Segment Open

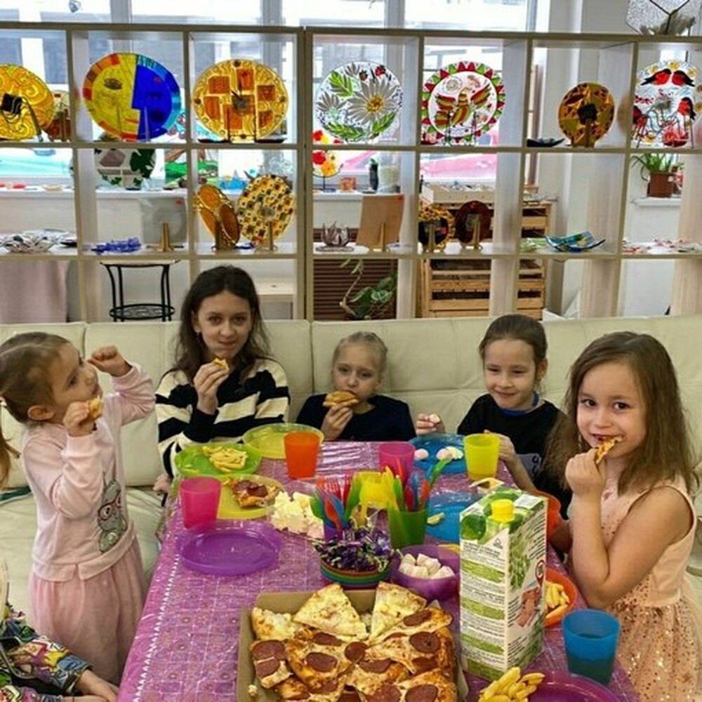 - Творческая - все гости увлеченно творят свой шедевр из художественного стекла в технике фьюзинг.
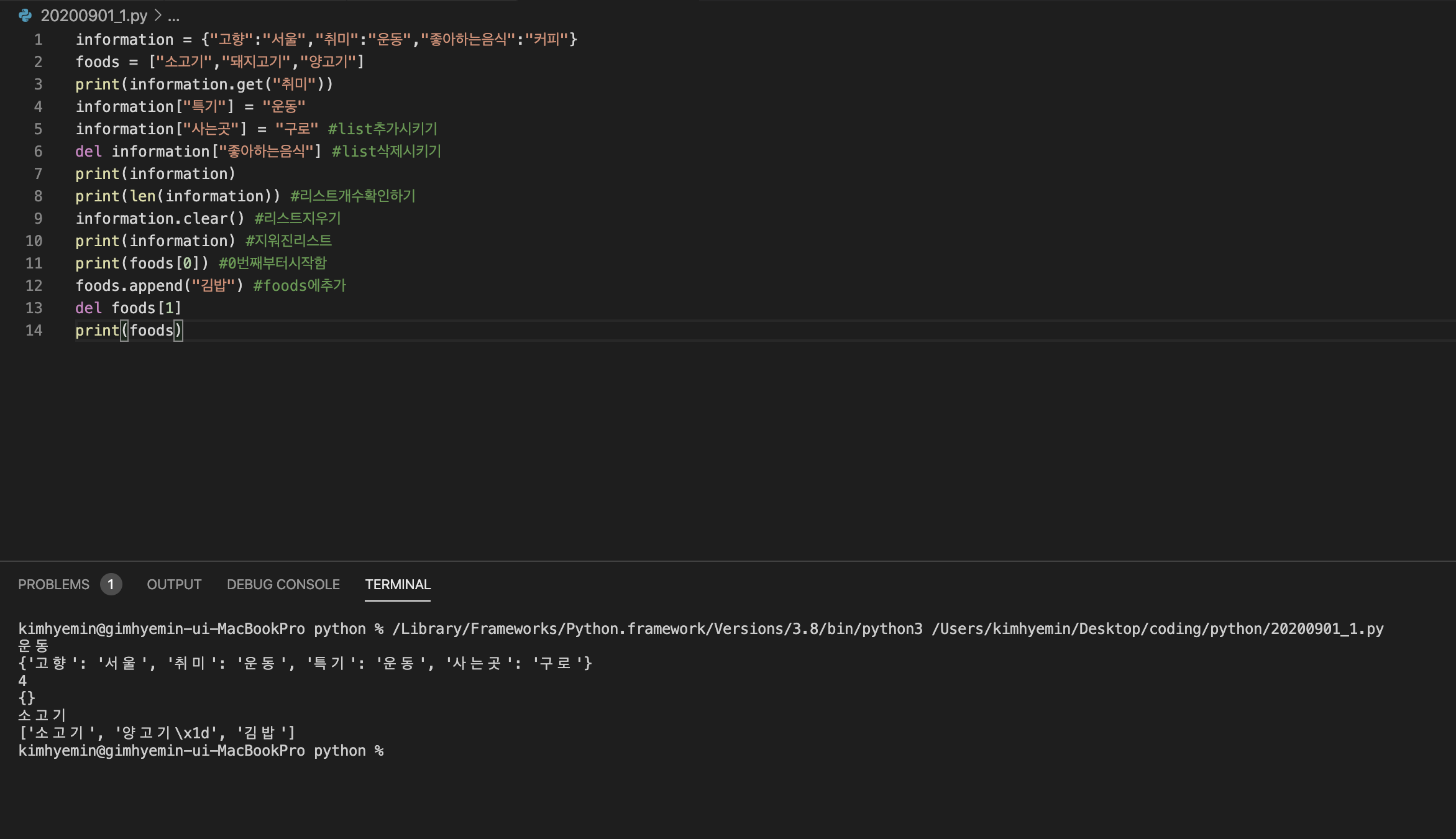 foods : dictionary 가 아니여서 그냥 추가가 아니구 .append() 를 해야 추가가 가능합니다
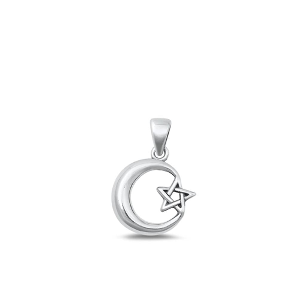 Sterling Silver Oxidized Crescent Moon & Star Charm Polished Pendant .925 New
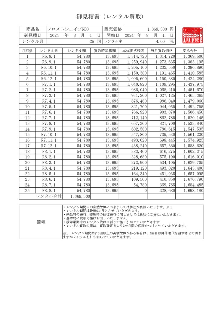レンタルを続けていただいてトレンドがまだ続くようでしたらオーナー様のタイミングで、機器を買取していただいて構いません。
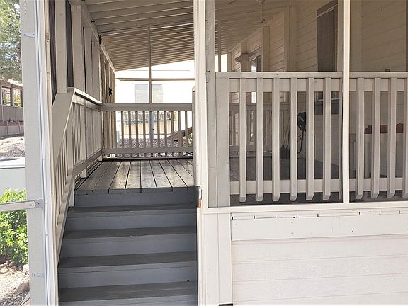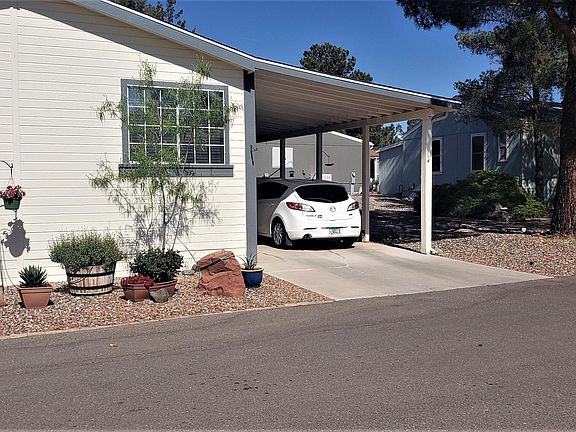 55 Plus Community of Pine Shadows. This home is immaculate with plenty of upgrades and needs nothing. Roof, AC, furnace, flooring, paint all new and home has 2 carports, will fit 3 cars and a seperate area for golf cart. Pine Shadows sits close to a 9 hole golf course with 2 clubhouses, 2 pools and lots of social activities. Close to shopping, grocery stores and medical facility. New dog park just built and home sits in the beautiful Mingus Mountain area. Home is landscaped, has sprinklers, gutters, enclosed screened porch in front with ceiling fan and a patio off main bedroom perfect for a spa. Shed off carport with 2 additional storage cabinets that stay. Very well maintained property and priced to sell fast. Seller leaving area. PS manager to verify all fees
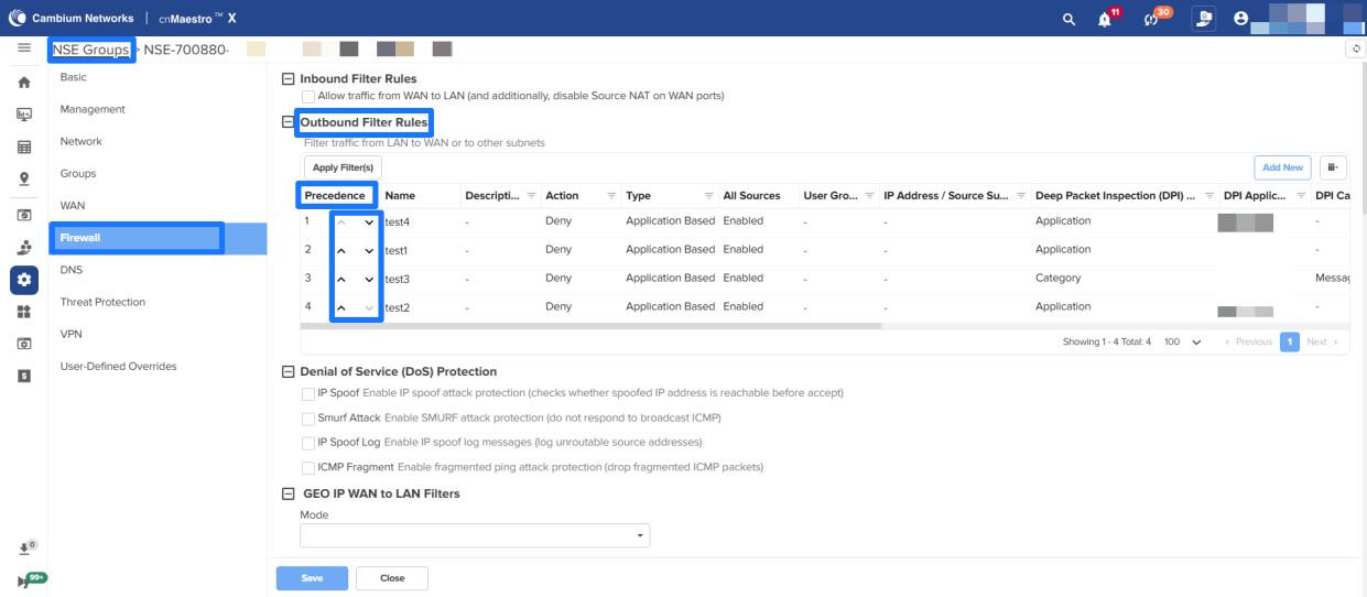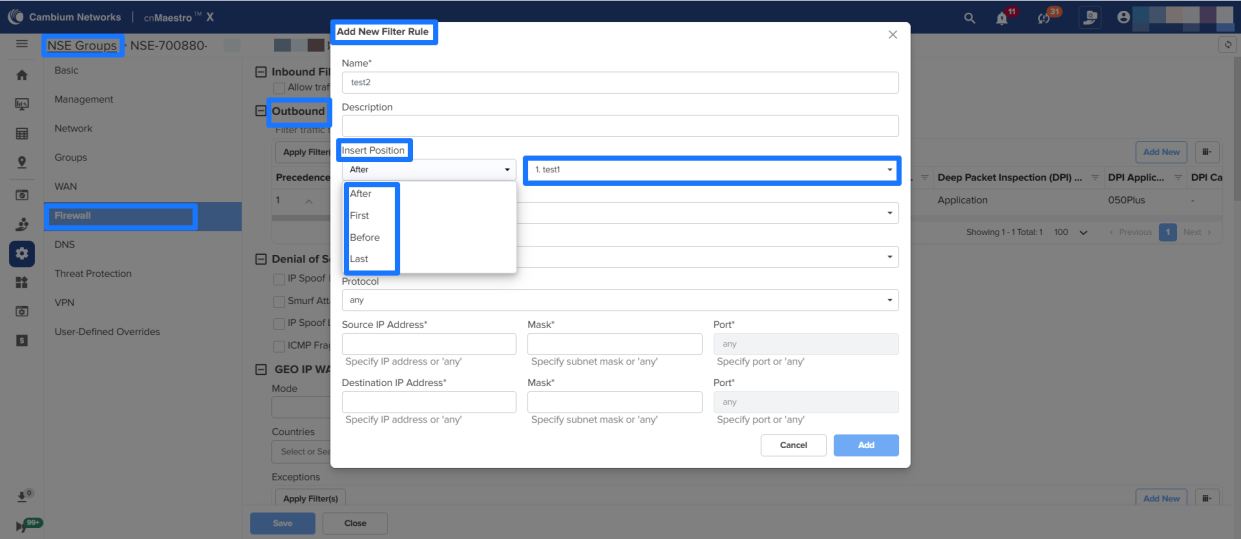 Insert Position field is added for the below WAN and Firewall configuration of NSE Groups, which can place the rules/policies at the configured precedence.
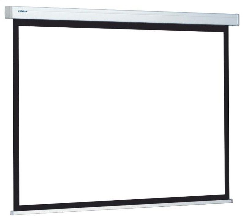Pantalla de projecció elèctrica professional per a paret o sostre amb excel · lent relació qualitat / preu . Sistema Easy Install per a una fàcil instal·lació. Disposa dun sistema de connexió al corrent i accessoris molt ràpid i senzill. Inclou un interruptor manual de pujada i baixada. Tela blanca mat amb revers de color negre. Disponible versions amb vores negres, sense vores negres. Disponible en formats 1:1, 4:3, 16:9 i 16.10.
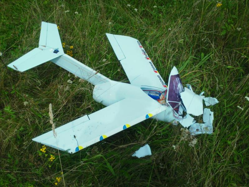 Dodam od siebie, że oblot składał się z trzech lotów i trzech nieplanowanych lądowań W tym jedno w odległości 600m. Tak prezentował sie przed oblotem śmigiełko w środku Myślę, że ten napęd ma przyszłosć. A tak po oblotach. W sumie tragedii nie było, ale Sławek zdecydował się na kasacje projektu. -
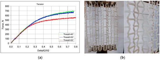 By comparing the experimental results with the theoretical calculations, it is possible to determine the accuracy of the predictions. Theoretical calculations show that, for the meshes under consideration, full straightening of the inclined struts of the re-entrant cells takes place at specific values of ΔX2/X2, which is 86.4% for θ0 = 40°, 56.4% for θ0 = 30°, and 32.3% for θ0 = 20°. Such points are absent, however, from the experimentally obtained curves. The accompanying photographs (Figure 20b) show the processes involved in stretching the meshes: the straightening of the inclined struts and the aforementioned rippling of the mesh. The modified re-entrant structures also exhibit expansion in the direction perpendicular to the tension, thus achieving auxetic behaviour.
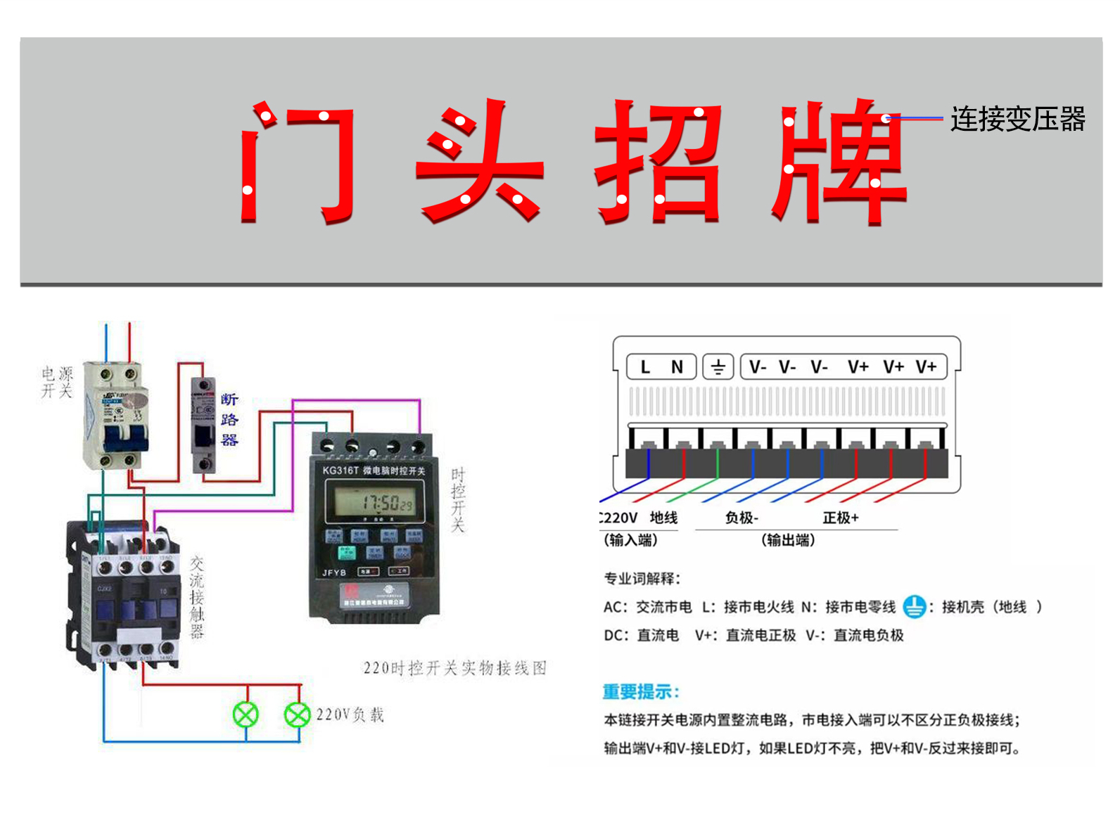 2、变压器问题:检查变压器指示灯是否亮起,断电后重新给电查看变压器是否短路或过热保护。如果变压器有问题自己自己去广告材料店买一个或是淘宝价格不等,建议购买60-80元太贵没必要。拿到变压器我们一定要区分怎么接线,不要把交流和直流接错了以及直流正负极不要接反了。大家也可以给自己的变压器拍个照片,淘宝购买差不多的按照之前顺序安装更换变压器一定要关闭开关;
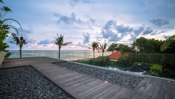 Set in a lush tropical paradise on Bali’s chic sunset coast, this 5-bedroom beachfront villa is a modern sanctuary of luxury, indulgence, and unforgettable views. With a 20m pool, private tennis court, full gym, in-villa spa, and space for up to 18 guests, it’s a dream retreat for families, groups, or special events.
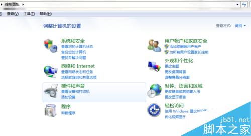 点击“硬件和声音”选项,打开硬件和声音的设置面板。
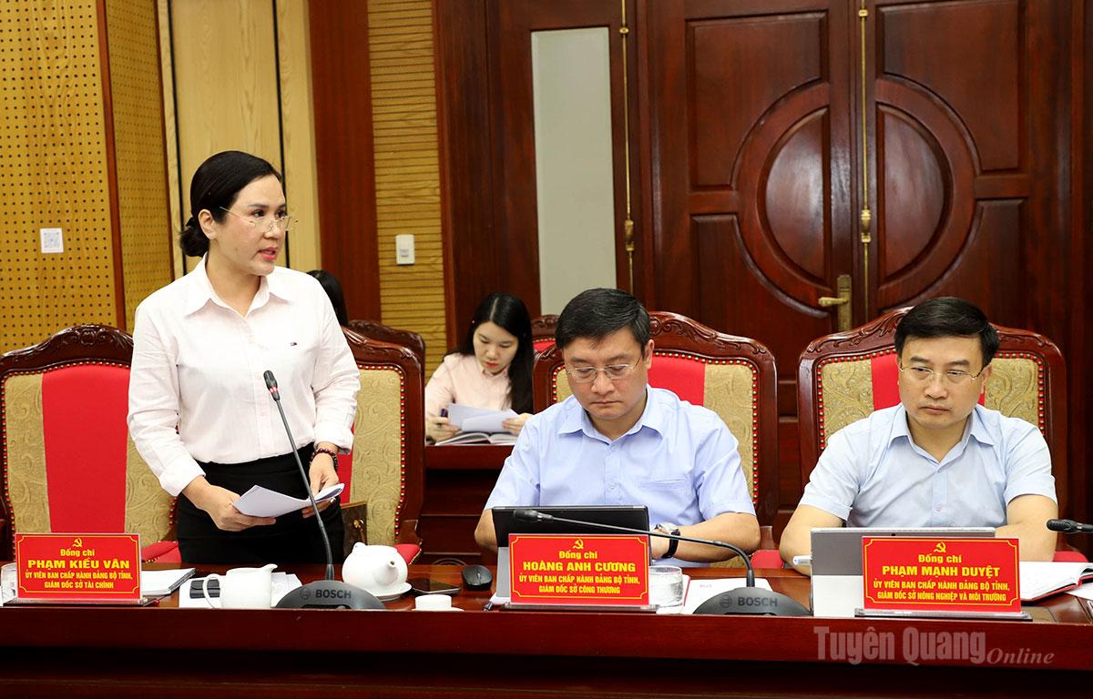 Giám đốc Sở Tài chính Phạm Kiều Vân báo cáo tại phiên họp.

Segment Closed

■ **Problem requirements**
Please give the entries above again exactly as written, leaving out any pictures.

■ **Response to the exercise**
 - Творческая - все гости увлеченно творят свой шедевр из художественного стекла в технике фьюзинг.
 foods : dictionary 가 아니여서 그냥 추가가 아니구 .append() 를 해야 추가가 가능합니다
 Sterling Silver Oxidized Crescent Moon & Star Charm Polished Pendant .925 New
レンタルを続けていただいてトレンドがまだ続くようでしたらオーナー様のタイミングで、機器を買取していただいて構いません。
 55 Plus Community of Pine Shadows. This home is immaculate with plenty of upgrades and needs nothing. Roof, AC, furnace, flooring, paint all new and home has 2 carports, will fit 3 cars and a seperate area for golf cart. Pine Shadows sits close to a 9 hole golf course with 2 clubhouses, 2 pools and lots of social activities. Close to shopping, grocery stores and medical facility. New dog park just built and home sits in the beautiful Mingus Mountain area. Home is landscaped, has sprinklers, gutters, enclosed screened porch in front with ceiling fan and a patio off main bedroom perfect for a spa. Shed off carport with 2 additional storage cabinets that stay. Very well maintained property and priced to sell fast. Seller leaving area. PS manager to verify all fees
 Insert Position field is added for the below WAN and Firewall configuration of NSE Groups, which can place the rules/policies at the configured precedence.
Pantalla de projecció elèctrica professional per a paret o sostre amb excel · lent relació qualitat / preu . Sistema Easy Install per a una fàcil instal·lació. Disposa dun sistema de connexió al corrent i accessoris molt ràpid i senzill. Inclou un interruptor manual de pujada i baixada. Tela blanca mat amb revers de color negre. Disponible versions amb vores negres, sense vores negres. Disponible en formats 1:1, 4:3, 16:9 i 16.10.
 Dodam od siebie, że oblot składał się z trzech lotów i trzech nieplanowanych lądowań W tym jedno w odległości 600m. Tak prezentował sie przed oblotem śmigiełko w środku Myślę, że ten napęd ma przyszłosć. A tak po oblotach. W sumie tragedii nie było, ale Sławek zdecydował się na kasacje projektu. -
 By comparing the experimental results with the theoretical calculations, it is possible to determine the accuracy of the predictions. Theoretical calculations show that, for the meshes under consideration, full straightening of the inclined struts of the re-entrant cells takes place at specific values of ΔX2/X2, which is 86.4% for θ0 = 40°, 56.4% for θ0 = 30°, and 32.3% for θ0 = 20°. Such points are absent, however, from the experimentally obtained curves. The accompanying photographs (Figure 20b) show the processes involved in stretching the meshes: the straightening of the inclined struts and the aforementioned rippling of the mesh. The modified re-entrant structures also exhibit expansion in the direction perpendicular to the tension, thus achieving auxetic behaviour.
 2、变压器问题:检查变压器指示灯是否亮起,断电后重新给电查看变压器是否短路或过热保护。如果变压器有问题自己自己去广告材料店买一个或是淘宝价格不等,建议购买60-80元太贵没必要。拿到变压器我们一定要区分怎么接线,不要把交流和直流接错了以及直流正负极不要接反了。大家也可以给自己的变压器拍个照片,淘宝购买差不多的按照之前顺序安装更换变压器一定要关闭开关;
 Set in a lush tropical paradise on Bali’s chic sunset coast, this 5-bedroom beachfront villa is a modern sanctuary of luxury, indulgence, and unforgettable views. With a 20m pool, private tennis court, full gym, in-villa spa, and space for up to 18 guests, it’s a dream retreat for families, groups, or special events.
 点击“硬件和声音”选项,打开硬件和声音的设置面板。
 Giám đốc Sở Tài chính Phạm Kiều Vân báo cáo tại phiên họp.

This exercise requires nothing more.